What to work on:
Make an exact transcript of the lines in the data below, starting with the one containing "Laurence Kazar Full" and going on through the one containing "Эмалированная посуда AGNESS", with both included and the pictures left out.

Task input:
--*--
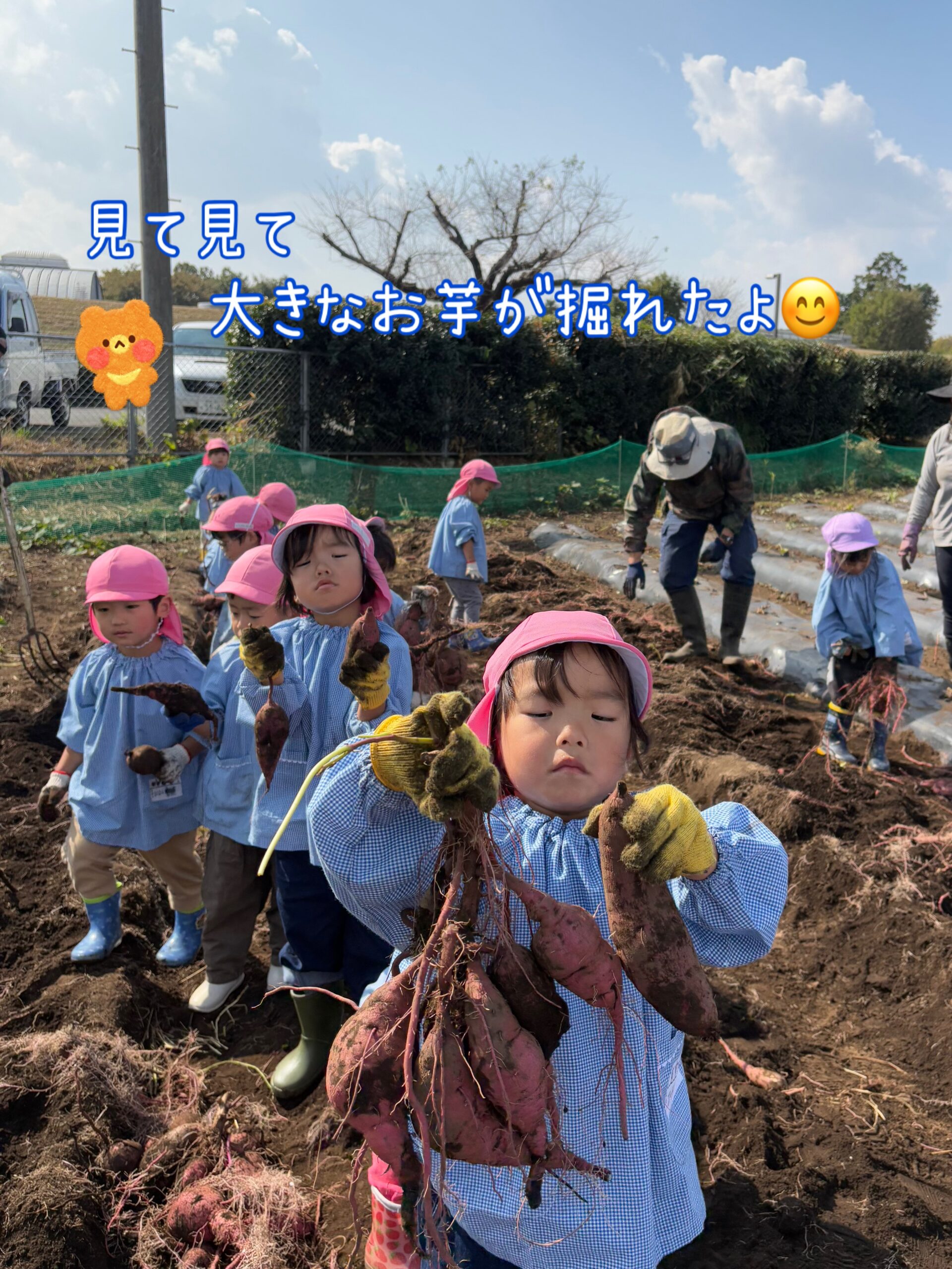 帰りのバスでは、堀ったお芋をお味噌汁やスイートポテトにしたいという話で盛り上がったり、焼き芋グーチーパーをしたりと最後までたくさん楽しむことが出来た子どもたちでした😊
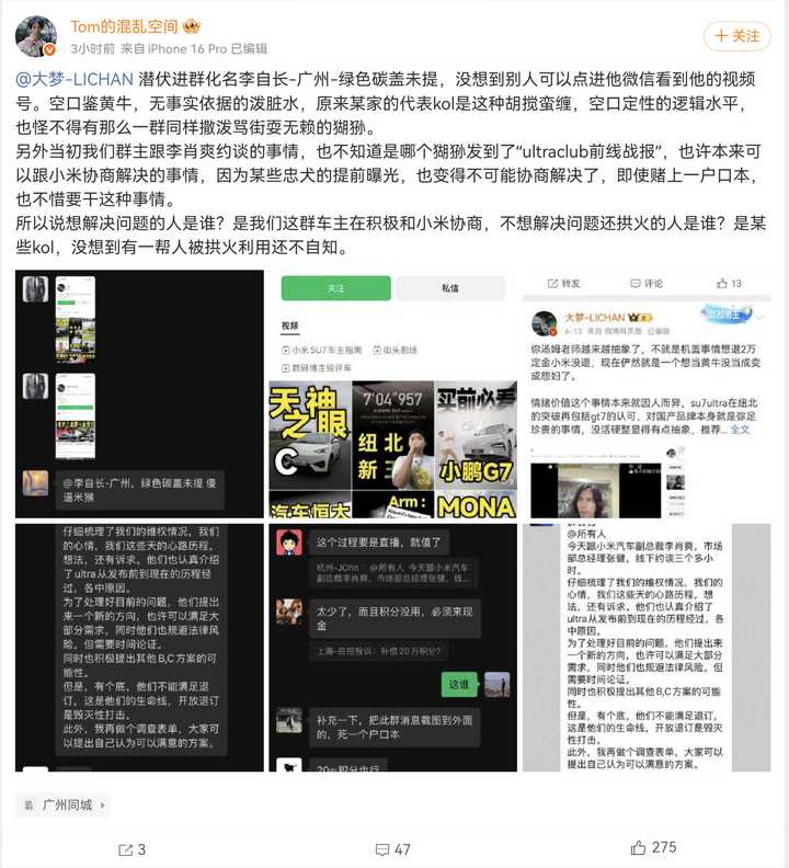 然而讽刺的是,几个月后两辆车的现实境遇确实天差地别,只不过是反过来的: 尊界S800上市67天,大定突破10000台,即将在8月中下旬开启大规模交付; 更可怕的是,第三方数据统计显示,尊界的大定走出了跟M9相似的逆跌走势! 一般来说新车上市时热度最高,后续订单可能逐步下滑。 然而初代问界M9和尊界S800却恰好相反,上市后一段时间内订单反而逆势增长! 只要后续真车交付不出问题,尊界S800很有可能在顶级富豪人群中复刻问界M9的口碑裂变! 反观小米su7ultra,上市后可谓风波不断,先后闹出“龙晶风道”、“续航不足”、“锁马力又放开”等等诸多争议。 更夸张的是,小米su7Ultra弃单太多新增订单不足,小米担忧两万定金不足以弥补损失,竟然祭出了强行催尾款的“奇招”。 小米强行催尾款的行为,不仅彻底惹恼一批车主,还将小米“退车冷静期”、“无乙方合同”等等奇思妙想曝光在镜头前; 某些米系KOL为了把真金白银掏钱的准车主打成“黄牛”,甚至不惜伪装成车主潜伏进维权群,试图在群聊中寻找所谓“证据”截图外传。 |
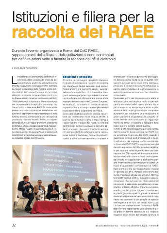 (RAEE) e agevolare il conseguimento dell’Italia dei target di recupero delle materie prime criti- che definiti dall’Unione Europea, di cui i rifiuti elettronici sono una ‘miniera urbana’ per il nos- tro Paese è stato l’obiettivo dell’evento dal titolo ‘Rifiuti elettronici. Istituzione e filiera a confronto per incrementare la raccolta’ promosso dal Centro di Coordinamento RAEE. Di fronte a una platea composta dai principali stakeholder, sei autorevoli esponenti in rappresentanza di tutta la filiera si sono confrontati tra loro nel corso di una tavola rotonda: Alberto Bellini, in rappre- sentanza di ANCI, Filippo Brandolini presidente di Utilitalia, Chicco Testa presidente di Assoam- biente, Marco Pagani in rappresentanza di Fe- derdistribuzione, Giuseppe Piardi presidente di ASSORAEE e Carlo Samori rappresentante uni- co industria presso Confindustria.
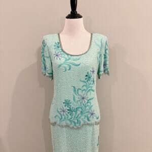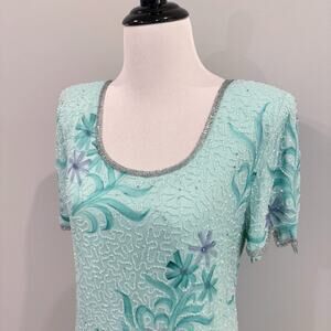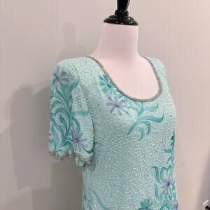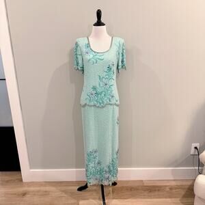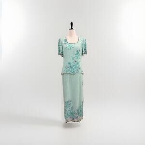 Laurence Kazar Full Beaded Silk Gown Womens Petite Size 10P Green Floral Formal
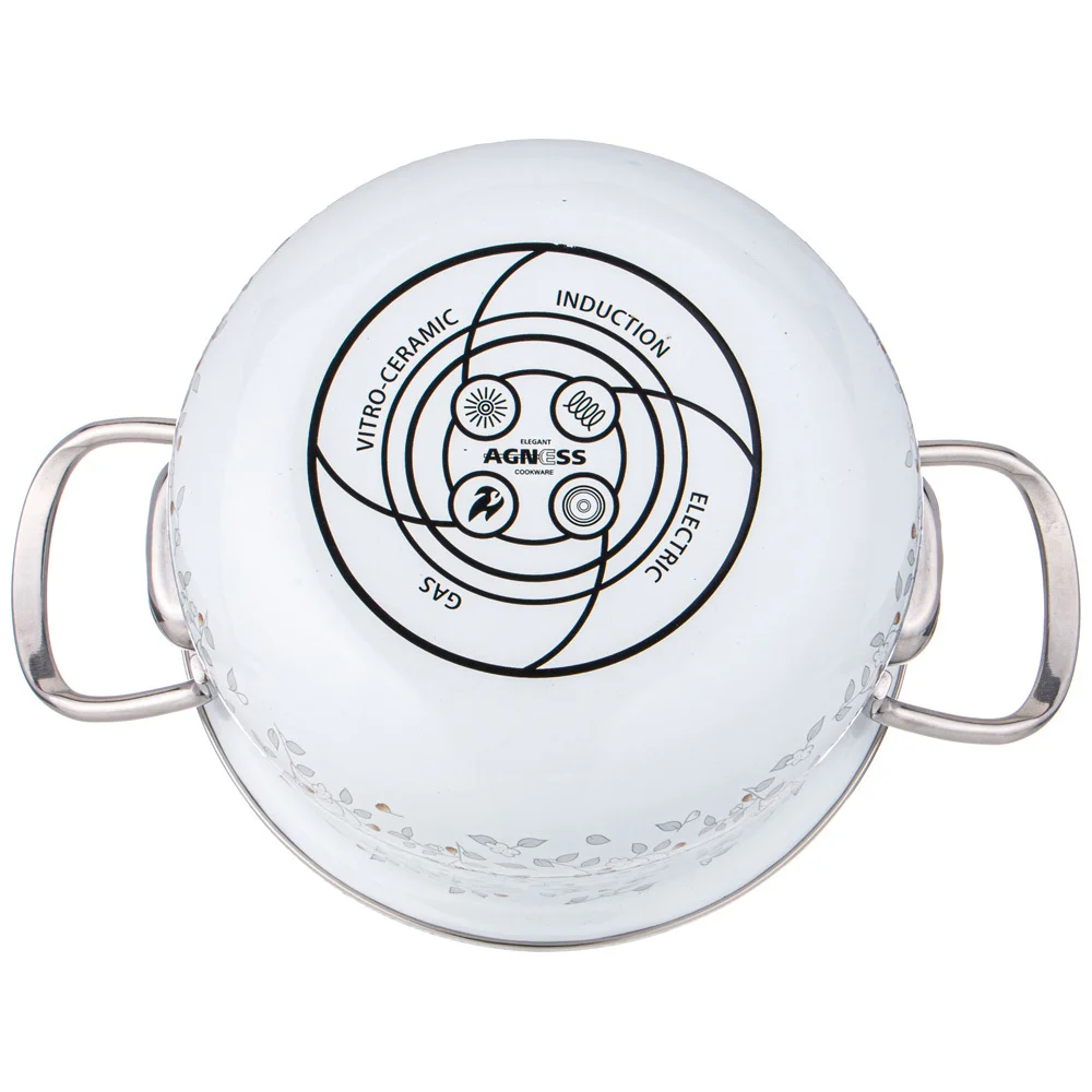 Эмалированная посуда AGNESS - отличный выбор для Вашей кухни! Многие профессиональные повара и домохозяйки выбирают эмалированную посуду. И это не удивительно. Эмалированная посуда обладает целым рядом преимуществ: • Эмалированная посуда не требует особого ухода и легко моется • На поверхности эмалированной посуды не остается запаха пищи. • Эмалированная посуда гигиенична - не удерживает болезнетворных бактерий и микробов. Соответственно в такой посуде можно не только готовить, но и хранить различные блюда, причем достаточно длительное время. • Стильный и нежный декор эмалированной посуды украсит любую кухню. • Посуда проходит 3 этапа обжига, эта технология позволяет сохранить яркость расцветок деколи, а также придает прочность эмалированной посуде • Все деколи наносятся вручную, а затем обжигаются при температуре около 800 С • Подходит для всех типов плит, включая ИНДУКЦИОННЫЕ. Стеклянная крышка с паровыпуском. Можно мыть в посудомоечной машине. • Толщина корпуса и дна без эмалированного покрытия 1,2мм. Размер кастрюль: Кастрюля 2,0Л: диаметр 18см, высота 11см, диаметр дна 13см и ширина с ручками 26 см. Кастрюля 2,8Л: диаметр 20см, высота 12см, диаметр дна 13см и ширина с ручками 28 см. Правила ухода за эмалированной посудой просты: • Не использовать абразивные чистящие средства; • Мыть с применением нейтральных моющих средств, подходит для мытья в посудомоечной машине; • Избегать резкого перепада температур. • Не нагревать пустую посуду, а также не допускать выкипания воды. Эмалированные кастрюли не подходят для жарки блюд. • При транспортировке, хранение и спользовании необходимо оберегать эмалированную посуду от механических повреждений
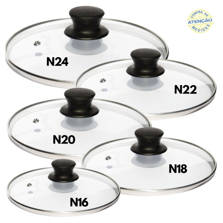 Jogo/Conjunto ou Avulsas de Tampas de vidro temperado n. 16 18 20 22 24, ou 26,28 e 30 Panela, caldeirão tacho
--*--
Problem solution:
 Laurence Kazar Full Beaded Silk Gown Womens Petite Size 10P Green Floral Formal
 Эмалированная посуда AGNESS - отличный выбор для Вашей кухни! Многие профессиональные повара и домохозяйки выбирают эмалированную посуду. И это не удивительно. Эмалированная посуда обладает целым рядом преимуществ: • Эмалированная посуда не требует особого ухода и легко моется • На поверхности эмалированной посуды не остается запаха пищи. • Эмалированная посуда гигиенична - не удерживает болезнетворных бактерий и микробов. Соответственно в такой посуде можно не только готовить, но и хранить различные блюда, причем достаточно длительное время. • Стильный и нежный декор эмалированной посуды украсит любую кухню. • Посуда проходит 3 этапа обжига, эта технология позволяет сохранить яркость расцветок деколи, а также придает прочность эмалированной посуде • Все деколи наносятся вручную, а затем обжигаются при температуре около 800 С • Подходит для всех типов плит, включая ИНДУКЦИОННЫЕ. Стеклянная крышка с паровыпуском. Можно мыть в посудомоечной машине. • Толщина корпуса и дна без эмалированного покрытия 1,2мм. Размер кастрюль: Кастрюля 2,0Л: диаметр 18см, высота 11см, диаметр дна 13см и ширина с ручками 26 см. Кастрюля 2,8Л: диаметр 20см, высота 12см, диаметр дна 13см и ширина с ручками 28 см. Правила ухода за эмалированной посудой просты: • Не использовать абразивные чистящие средства; • Мыть с применением нейтральных моющих средств, подходит для мытья в посудомоечной машине; • Избегать резкого перепада температур. • Не нагревать пустую посуду, а также не допускать выкипания воды. Эмалированные кастрюли не подходят для жарки блюд. • При транспортировке, хранение и спользовании необходимо оберегать эмалированную посуду от механических повреждений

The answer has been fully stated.